Mr Nakano, the ageing shop owner surrounds himself with what can only be described as bric-a-brac – old ashtrays, bowls, paperweights – and has a growing on-line auction businesses. The Nakano Thrift Shop has a strong ongoing narrative (although one that takes a while to get going) but is told as a series of tales, often based around an item in the shop or one of the odd range of customers who frequent the store. The narrator of these tales is Hitomi, a young woman who works in the shop and finds herself becoming besotted by her fellow worker Takeo. Takeo is a taciturn character and the two develop a fairly chaste on again off again relationship. In the meantime, Mr Nakano is having one, and possibly more, affairs and his sister Masayo, who also spends time in the shop and provides relationship advice to Hitomi, is starting a relationship with an old flame, Mr Maruyama.
he word quirky could be used to describe The Nakano Thrift Shop and its characters but actually it is better to think of it as uniquely Japanese.
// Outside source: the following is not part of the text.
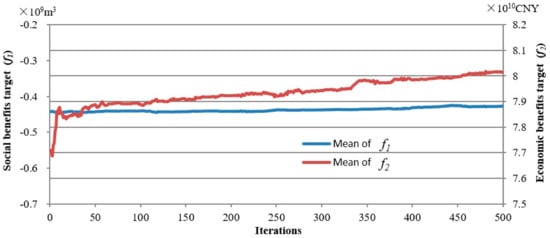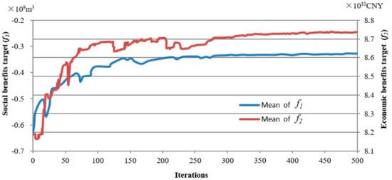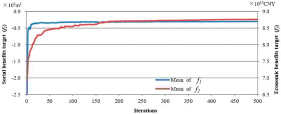 In this study, AMOGWO was used to solve the multi-objective optimal allocation model of water resources in Handan. The population number was 1000, and the number of iterations was 500. MATLAB was used as a solution tool to obtain the Pareto front. Figure 4 shows the iterative process of the individual average value of the AMOGWO algorithm swarm. It is apparent that the iteration curve of the individual average value of the social benefit objective function and the economic benefit objective function tends to converge at approximately 180 iterations. After 180 iterations, it fluctuates within a small range but exhibits a stable trend. The AMOGWO algorithm has a fast convergence speed.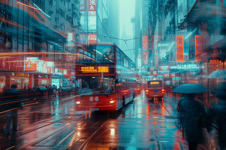 City bus in motion during nighttime with vibrant neon lights and bustling streets

The shop itself, filled with objects one step away from being junk, is like a world out of time and the activities and conversations that take place there are often eccentric but also true and often deep. Many of the tales revolve around love, sex and relationships. One involves some nude photos, another is about an erotic manuscript, one involves a customer trying to work out what to do with an expensive present from an ex-lover. These stories are all filtered through Hitomi’s oblique view of the world and help her make sense of her own life and the lives of others.
Alison Markin Powell’s translation seems to capture the essence of Kawakami’s style, so that even through the lens of translation, reading The Nakano Thrift Shop feels like a trip to Japan. But while Kawakami subtly captures the spirit of modern, urban Japan and its people she also tells stories and deals with issues that are ultimately universal.